Sobre o trato com o Congresso Nacional, prefere que o deputado Onyx Lorenzoni (DEM-RS) opine. Quando falam de economia, ele pede, principalmente, para que não haja contingenciamento de recursos das Forças Armadas e joga o restante no colo de Paulo Guedes (futuro “superministro” da Economia). Já na pasta do outro “superministro”, Sergio Moro, da Justiça e Segurança Pública, ele dá opiniões, mas diz confiar plenamente no futuro colega de Esplanada. Em privado, contudo, segue falando com Bolsonaro.

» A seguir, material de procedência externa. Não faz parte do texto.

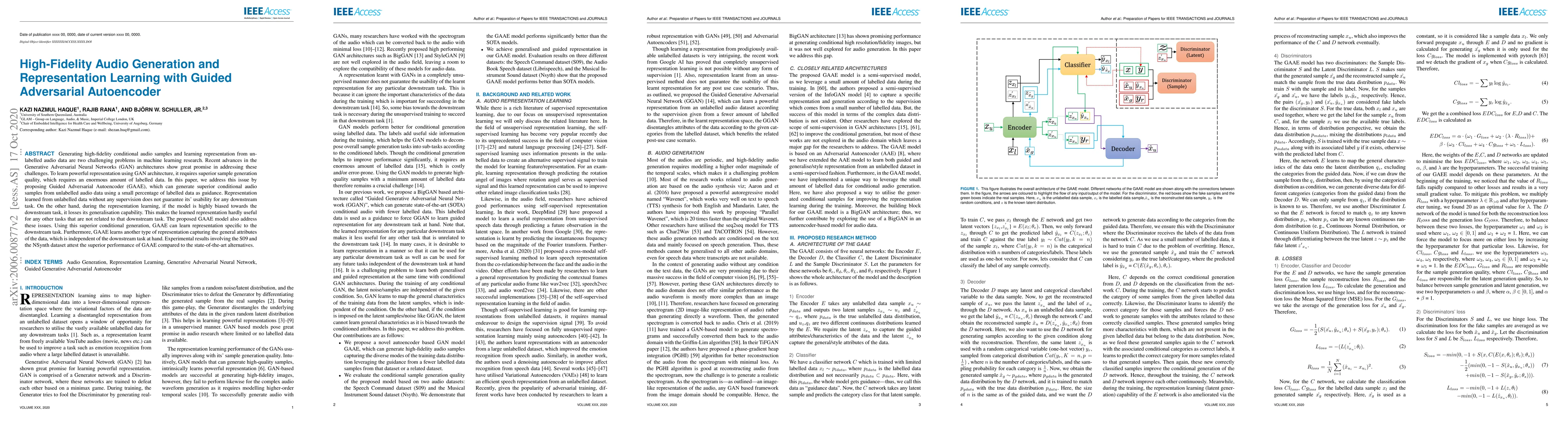 The paper proposes a Guided Adversarial Autoencoder (GAAE) to achieve high-fidelity audio generation and disentangled representation learning from unlabelled data, while leveraging a small percentage of labelled samples to maintain generalizability for future tasks. The model generates superior quality audio and demonstrates effective representation learning.

Ao contrário de seu chefe, o general costuma ser cordial com a imprensa. Raramente perde a paciência com jornalistas, nem quando insistem em perguntar sobre temas que ele não está disposto a falar. Na última semana, quando notou que um batalhão de repórteres o aguardava após um dos eventos, disse aos risos: “Pô, parece que vocês se reproduzem por partenogênese”. Ao perceber que três desses jornalistas eram de um mesmo grupo de comunicação, voltou a fazer piada: “Está sobrando gente no jornal, heim! Que bom”.
Quando atendeu por telefone a reportagem do EL PAÍS, afirmou, em tom simpático: “Não tenho nada para acrescentar. Tudo já foi dito. Agora não é mais campanha. Cada um tem um cantinho para cuidar”. Ainda assim, teceu breves comentários sobre várias áreas da gestão.

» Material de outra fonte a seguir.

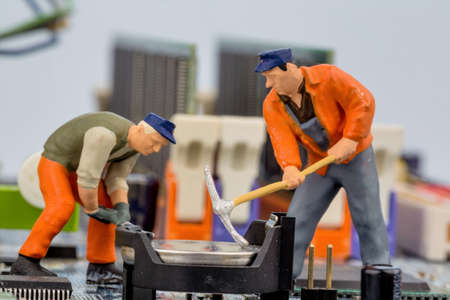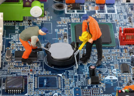 Electronic board with miniature figure worker man at repair and work. Selective focus

Sobre sua ida para o GSI, Heleno afirma que não teve como rejeitar o convite de Bolsonaro. “O presidente conversou comigo para que eu ficasse próximo a ele. E eu no ministério da Defesa não fico próximo, nem física nem funcionalmente. Aí, eu concordei com o seu pedido”. No GSI, Heleno comandará a força-tarefa de inteligência, estrutura criada pelo Governo Temer que dá poderes aos militares.
Inicialmente, o general usaria de sua experiência como comandante das forças de paz da Organização das Nações Unidas (ONU) no Haiti e de chefe da região amazônica para comandar as três Forças Armadas. Ele é visto como uma referência entre os militares. E, mesmo não sendo mais o chefe oficial deles, manifesta-se sobre o tema. Bolsonaro disse que foi de Heleno a sugestão para que indicasse o general Fernando Azevedo e Silva para a Defesa. Algo que o próprio Heleno contemporiza. “A Defesa é uma decisão pessoal do Bolsonaro. O general Fernando é amigo dele há muito tempo”.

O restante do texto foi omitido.